Everything from the first line below through the line with "この日は、絵馬作りと壁面飾り" is to be transcribed exactly, and nothing past it.

■ ■ ■ ■ ■

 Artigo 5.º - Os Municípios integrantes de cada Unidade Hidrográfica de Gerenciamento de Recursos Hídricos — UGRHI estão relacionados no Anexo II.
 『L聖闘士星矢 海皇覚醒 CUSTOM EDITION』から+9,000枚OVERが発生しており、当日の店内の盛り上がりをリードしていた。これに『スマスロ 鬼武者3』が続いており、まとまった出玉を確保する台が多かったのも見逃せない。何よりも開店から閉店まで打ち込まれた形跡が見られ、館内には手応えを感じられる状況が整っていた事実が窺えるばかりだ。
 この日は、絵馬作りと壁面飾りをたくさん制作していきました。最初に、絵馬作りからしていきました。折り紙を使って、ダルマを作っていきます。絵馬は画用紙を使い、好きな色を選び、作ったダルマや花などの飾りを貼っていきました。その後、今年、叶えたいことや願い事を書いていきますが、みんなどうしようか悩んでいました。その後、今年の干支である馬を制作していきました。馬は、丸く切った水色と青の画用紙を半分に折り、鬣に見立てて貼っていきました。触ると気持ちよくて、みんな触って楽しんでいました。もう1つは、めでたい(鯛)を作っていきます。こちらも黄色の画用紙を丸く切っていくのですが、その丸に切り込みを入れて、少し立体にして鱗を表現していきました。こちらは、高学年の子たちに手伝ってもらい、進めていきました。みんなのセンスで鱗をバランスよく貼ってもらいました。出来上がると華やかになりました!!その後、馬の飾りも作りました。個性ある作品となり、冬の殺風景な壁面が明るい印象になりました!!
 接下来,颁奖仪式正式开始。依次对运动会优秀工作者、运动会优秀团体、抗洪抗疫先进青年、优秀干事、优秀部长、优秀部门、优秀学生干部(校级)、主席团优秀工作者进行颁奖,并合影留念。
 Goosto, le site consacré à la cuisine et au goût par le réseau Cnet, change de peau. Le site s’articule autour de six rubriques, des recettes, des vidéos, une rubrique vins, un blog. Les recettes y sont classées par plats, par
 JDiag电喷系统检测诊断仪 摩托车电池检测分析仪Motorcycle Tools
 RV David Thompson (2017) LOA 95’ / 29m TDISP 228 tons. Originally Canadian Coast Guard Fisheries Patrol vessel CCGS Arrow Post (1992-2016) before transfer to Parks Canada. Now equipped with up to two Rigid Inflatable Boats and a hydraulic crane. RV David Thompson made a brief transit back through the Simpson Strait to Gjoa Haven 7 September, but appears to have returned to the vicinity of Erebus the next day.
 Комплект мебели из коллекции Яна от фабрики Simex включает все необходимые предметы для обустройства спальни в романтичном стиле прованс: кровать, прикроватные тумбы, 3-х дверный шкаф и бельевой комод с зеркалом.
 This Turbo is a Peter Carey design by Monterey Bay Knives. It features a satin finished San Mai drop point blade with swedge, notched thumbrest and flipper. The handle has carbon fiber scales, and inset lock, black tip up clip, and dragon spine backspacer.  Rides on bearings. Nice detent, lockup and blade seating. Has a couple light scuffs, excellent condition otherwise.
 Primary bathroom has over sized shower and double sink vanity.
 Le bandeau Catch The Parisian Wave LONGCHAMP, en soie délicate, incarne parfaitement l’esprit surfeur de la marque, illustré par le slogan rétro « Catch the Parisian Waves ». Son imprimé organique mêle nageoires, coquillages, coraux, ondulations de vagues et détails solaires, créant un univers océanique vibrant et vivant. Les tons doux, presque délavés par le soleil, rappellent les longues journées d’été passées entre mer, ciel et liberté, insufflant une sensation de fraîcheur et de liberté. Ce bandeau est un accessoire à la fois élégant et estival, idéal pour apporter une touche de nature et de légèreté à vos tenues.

■ ■ ■ ■ ■

**YOUR SOLUTION:**
 Artigo 5.º - Os Municípios integrantes de cada Unidade Hidrográfica de Gerenciamento de Recursos Hídricos — UGRHI estão relacionados no Anexo II.
 『L聖闘士星矢 海皇覚醒 CUSTOM EDITION』から+9,000枚OVERが発生しており、当日の店内の盛り上がりをリードしていた。これに『スマスロ 鬼武者3』が続いており、まとまった出玉を確保する台が多かったのも見逃せない。何よりも開店から閉店まで打ち込まれた形跡が見られ、館内には手応えを感じられる状況が整っていた事実が窺えるばかりだ。
 この日は、絵馬作りと壁面飾りをたくさん制作していきました。最初に、絵馬作りからしていきました。折り紙を使って、ダルマを作っていきます。絵馬は画用紙を使い、好きな色を選び、作ったダルマや花などの飾りを貼っていきました。その後、今年、叶えたいことや願い事を書いていきますが、みんなどうしようか悩んでいました。その後、今年の干支である馬を制作していきました。馬は、丸く切った水色と青の画用紙を半分に折り、鬣に見立てて貼っていきました。触ると気持ちよくて、みんな触って楽しんでいました。もう1つは、めでたい(鯛)を作っていきます。こちらも黄色の画用紙を丸く切っていくのですが、その丸に切り込みを入れて、少し立体にして鱗を表現していきました。こちらは、高学年の子たちに手伝ってもらい、進めていきました。みんなのセンスで鱗をバランスよく貼ってもらいました。出来上がると華やかになりました!!その後、馬の飾りも作りました。個性ある作品となり、冬の殺風景な壁面が明るい印象になりました!!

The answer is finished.